O voto foi seguido na íntegra por André Mendonça, Dias Toffoli, Antonio Carlos Ferreira e Nunes Marques. O ministro Floriano de Azevedo Marques abriu divergência em relação ao voto do relator e propôs que o TSE reconhecesse que houve maioria para a cassação do diploma de Claudio Castro.
A posição do ministro Marques foi de que essa é uma consequência automática pelo reconhecimento de que houve abuso na eleição do ex-governador, sendo que é preciso impor uma repressão a esse tipo de prática. “A conclusão lógica, inescapável, diante da ofensa não pode ser outra, além, claro, da inelegibilidade dos responsáveis pelas condutas, a cassação do diploma, já que reconhecemos o abuso do poder político”.
Marques destacou ainda que a renúncia de Castro às vésperas do julgamento do TSE teve o objetivo de tentar influenciar a decisão da Corte Eleitoral. “Inegável propósito de influenciar o propósito desse julgamento, trata-se de conclusão objetiva extraída do próprio julgamento.

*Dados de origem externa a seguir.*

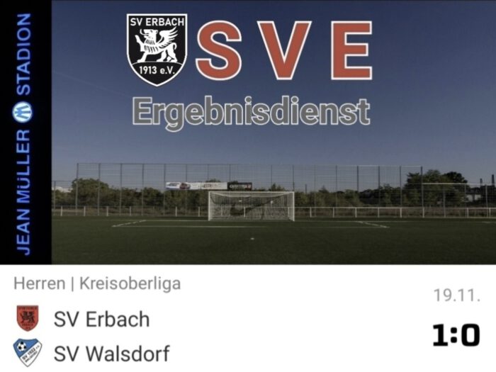 Bilder zum Spiel Aufstellung Spielbericht Unsere 1. Mannschaft von Trainer-Team Timm Belz und Kevin Faist gewinnt mit einer starken Leistung mit 1:0 (1:0) gegen den SV Walsdorf. Unser SVE fügt den Walsdorfern somit die erste Saison-Niederlage zu und behält die wichtigen 3 Punkte in Erbach. Unser Team glänzte heute über die gesamten 90 Minuten mit einer bärenstarken Leistung. Die anwesenden Fans empfanden das Spiel als beste Saison-Leistung und waren von der kämpferischen Einstellung begeistert. Man hat schon gesehen, dass der SV Walsdorf gute Kicker in seinen Reihen hat, aber heute trafen sie auf aufopferungsvollen Widerstand. Vor dem Tor gelang am heutigen Tage nichts, aber Möglichkeiten gab es trotzdem einige. Vor dem Tor war unser SVE heute einfach effektiver. Felix Käfferbitz legte den Ball erstklassig auf unser Erbacher Eigengewächs Nathan Niebler, der den Ball in den Winkel hämmerte. Ein Wahnsinns-Tor der Marke „Tor des Monats“. Glückwunsch Nathan 🥰 Walsdorf hätte sich zwischendurch auch nicht über ein 2:0 beschweren können, aber unsere Mannschaft brachte mit großem kämpferischen Einsatz auch den 1:0 Sieg sicher unter Dach und Fach 💪 Torschützen Spielverlauf Aufstellung Quelle „Aufstellung“, „Torschützen“ und „Spielverlauf“: FUSSBALL.DE Bildergalerie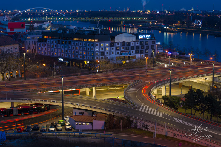 Nedávno som dotestoval Sony A7 V, skvelý fotoaparát, jeden z najlepších na trhu. Už som sa pevne rozhodol, že si ho kúpim. Dôkladne som ho preveril pri fotografovaní divadelného predstavenia a dvoch koncertov. Je to však univerzálny fotoaparát. Nielen, že je rýchly, ale má jeden z najväčších dynamických rozsahov vôbec, porovnateľný so stredoformátovými fotoaparátmi. A to využijete napr. pri fotografovaní nočného mesta. Národnú banku som fotografoval s objektívom Sigma 24-70/2,8 DG DN II Art, na hradby som si zobral Sigmu a k nej aj telezoom FE 100-400/4,5-5,6 GM OSS.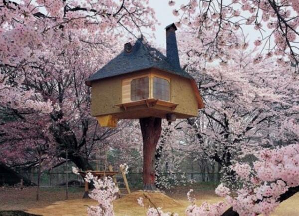 Этот домик на дереве построил Такаши Кобояши, один из ведущих японских архитекторов домов на деревьях. Он спроектировал его для рекламы Nestle. С тех пор дом стоит на острове Хоккайдо.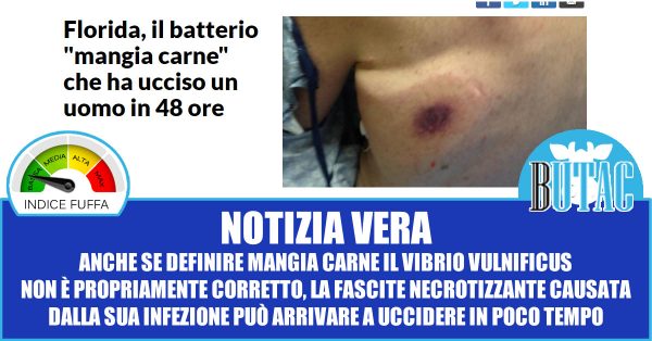 La storia è quella di Dave Bennet, di 66 anni, che dopo un bagno e un giretto in jet sky nel Golfo del Messico si è ritrovato in ospedale e in 48 ore è morto. La storia è vera, il povero Dave Bennet ha subito una fascite necrotizzante che può portare alla morte in sole 48 ore. Una precisazione va però fatta, i batteri che hanno causato la fascite non sono “mangia-carne”, come viene spiegato anche sulla stessa Wikipedia: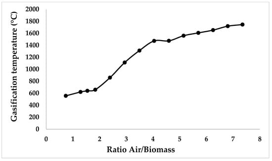 Effect of temperature in the gasification section relative to the air-to-biomass ratio.
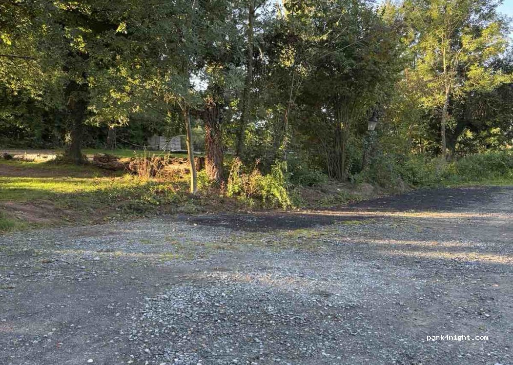 Simple, gravel parking lot at the Golf-Club Neuhof eV, surrounded by trees. Very quiet location. There is a charging station for electric cars. No infrastructure. There are toilets in the nearby Gutschänke or in the golf club

Teve propósito de fraudar o propósito legal e impedir a cassação do diploma por ilícito eleitoral”. A divergência foi acompanhada pela ministra Estela Aranha.
Placar no Supremo
Em março, ao declarar o ex-governador inelegível, o TSE determinou que fossem convocadas eleições indiretas para o mandato-tampão. Em abril, o Supremo começou a analisar duas ações do PSD que questionam se as eleições no Rio para o mandato tampão devem ser diretas ou indiretas. O julgamento foi suspenso por pedido de vista do ministro Flávio Dino, ou seja, para ter mais prazo para analisar o caso.
Antes da paralisação, os ministros Luiz Fux, André Mendonça, Nunes Marques e Cármen Lúcia votaram para a eleição ser de forma indireta, pela Alerj, com voto secreto. Já o ministro Cristiano Zanin defendeu o voto direto da população. Com a conclusão da análise dos recursos no TSE, a expectativa é de que o STF retome o julgamento das ações do PSD.